* [TASK DETAILS]
Print the entries below exactly as they appear, from the first line up to and including the line with "Az önce dışarıda". Do not print any pictures.
┌─ DATA SHOWN
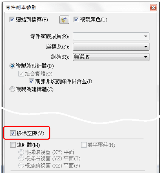 4.零件副本參數→勾選 移除空隙 (V) →完成。
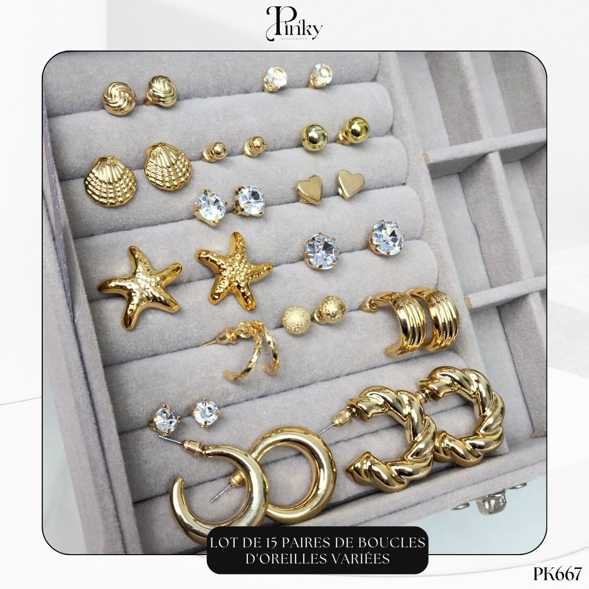 Ne manquez jamais d’inspiration avec ce lot de 15 paires de boucles d’oreilles soigneusement sélectionnées. Que vous recherchiez une touche de brillance pour le bureau ou un accessoire audacieux pour une soirée, cette collection polyvalente répond à toutes vos envies. C’est l’ensemble idéal pour celles qui aiment multiplier les looks sans compromis.
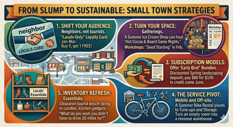 The secret to a sustainable small-town business isn’t just surviving the off-season; it’s pivoting to meet a different need. Here is how to transition from a “Tourist Destination” to a “Local Essential” when the temperature drops.
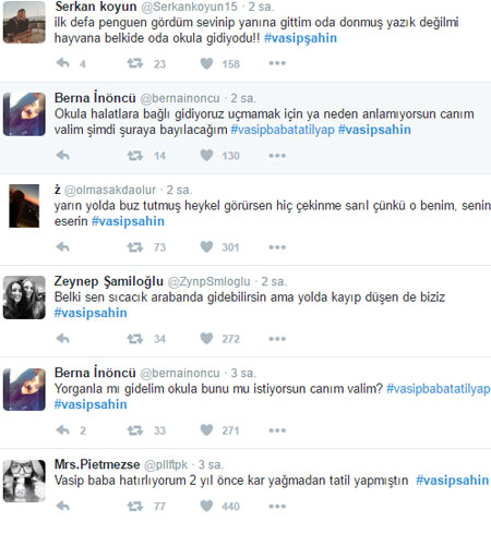"#vasipsahin Az önce dışarıda gezen bir grup penguen gördüm yani bence tatil olmalı."
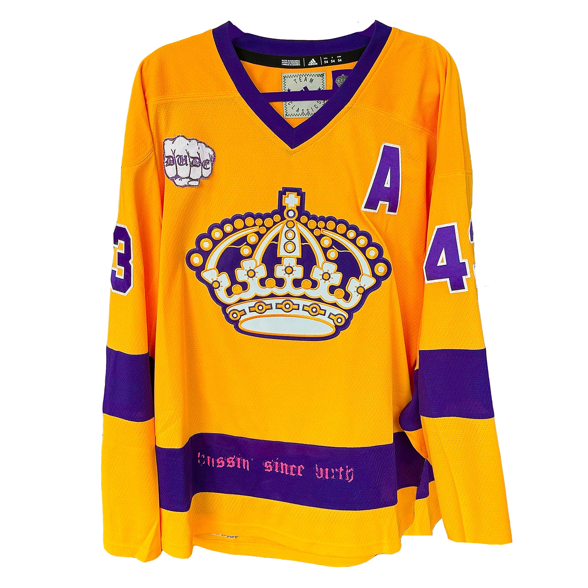 1/1 custom hockey jersey for the 43rd song ‘savingface’ in the 100 Week Project. Each stitch and embellishment has been carefully handcrafted and chosen to reflect the fusion of the song and the Born Dude brand. 1/1 custom hockey card and glow-in-the-dark "dude" patch included.
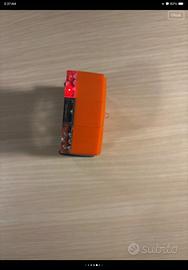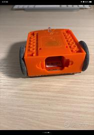piccolo robot capace di seguire linee nere perfettamente funzionante adatto all’apprendimento della programmazione dai 4 ai 16 anni personalizzabile grazie agli attacchi LEGO presenti su dorso e ruote visibili in foto
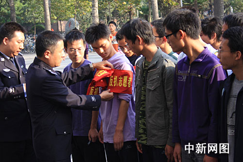 中新網(wǎng)鄭州10月23日電 (記者 晏立海 馬雯雯)10月23日下午,鄭州市反扒支隊(duì)一大隊(duì)的反扒高手們來(lái)到河南農(nóng)業(yè)大學(xué),教授百名學(xué)生反扒技巧。這是鄭州市公安局反扒支隊(duì)向社會(huì)招聘2000名大學(xué)生反扒志愿者的首批學(xué)員,這些大學(xué)生們經(jīng)過(guò)培訓(xùn),10月24日將走上街頭協(xié)助反扒民警抓小偷。
└─
* [RESULT OF THE EXERCISE]
 4.零件副本參數→勾選 移除空隙 (V) →完成。
 Ne manquez jamais d’inspiration avec ce lot de 15 paires de boucles d’oreilles soigneusement sélectionnées. Que vous recherchiez une touche de brillance pour le bureau ou un accessoire audacieux pour une soirée, cette collection polyvalente répond à toutes vos envies. C’est l’ensemble idéal pour celles qui aiment multiplier les looks sans compromis.
 The secret to a sustainable small-town business isn’t just surviving the off-season; it’s pivoting to meet a different need. Here is how to transition from a “Tourist Destination” to a “Local Essential” when the temperature drops.
"#vasipsahin Az önce dışarıda gezen bir grup penguen gördüm yani bence tatil olmalı."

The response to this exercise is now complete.